3. Remove the Cod to plates & add Butter & Vermouth to the pan. Reduce until slightly thickened.

4. Spoon the pan sauce over the Cod & top with the Caponata. Garnish with chopped Parsley & serve.


RECIPE

Serves 2

A CookTale

This week at the local PriceChopper, Lobsters from 1 to 5 pounds are on sale at $6.99. At these prices it’s a great opportunity to gorge on this usually pricey treat. Wouldn’t it be great if one day they did this with Caviar? Oh well, I’ll take what I get and be quite satisfied.

Serves 2

INGREDIENTS

2 1-1/2 LB Lobster (steamed)
4 oz of Spaghetti
1 C of Marinara Sauce (homemade or Rao’s, or more if needed)
1/3 C of Basil Leaves (cut to a chiffonade)
Sea Salt
2 TB of EVOO

METHOD

1, Have the fishmonger steam the Lobsters or do them yourself. If so, send them to Lobster heaven mercifully by quickly inserting the point of a chef’s knife into the top of the head. This immediately does the job. Then steam them for 13 to 14 minutes.

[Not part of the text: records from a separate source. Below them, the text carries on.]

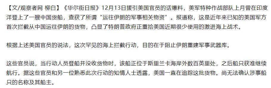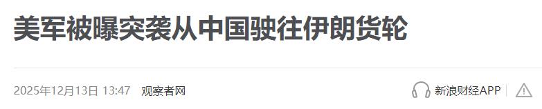 12月13日《华尔街日报》披露,美军早早就锁定这艘货轮,从启航开始就被“持续跟踪”。
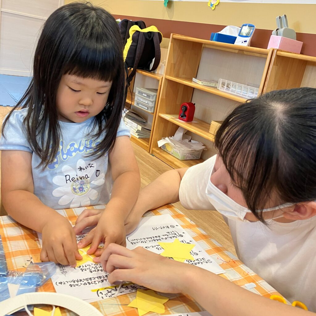 21日(金)の造形では、姫路医療専門学校 作業療法士科2年の学生さんと『短冊』を作りました!
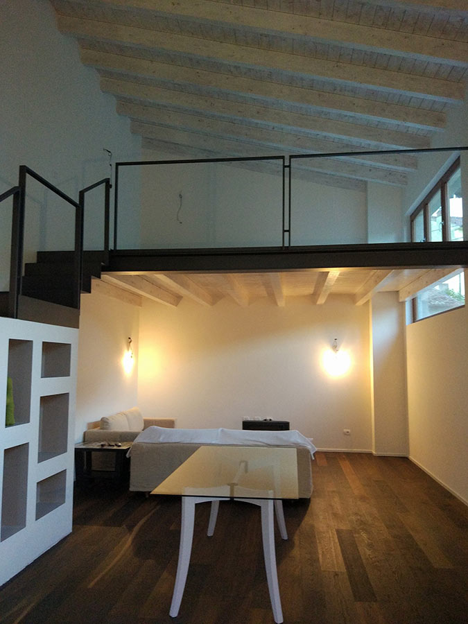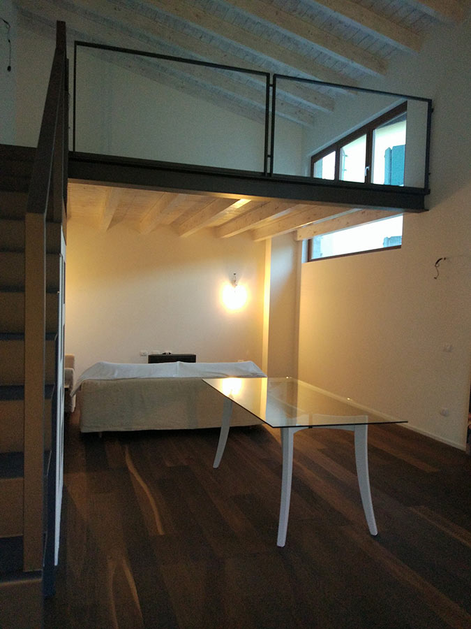 Il parquet scelto è spazzolato, oliato e termocotto, cioè scurito  con il calore per tutto lo spessore del legno.

2, Crack the shells & carefully remove the Lobster Meat.

3.Cook the Spaghetti with Sea Salt in boiling water according to package directions, drain and add to a large pan. Add the cup of Marinara sauce, pieces of the Lobster Meat & the chiffonade of Basil. Toss together & add as many pieces of Lobster Meat as satisfies your appetite.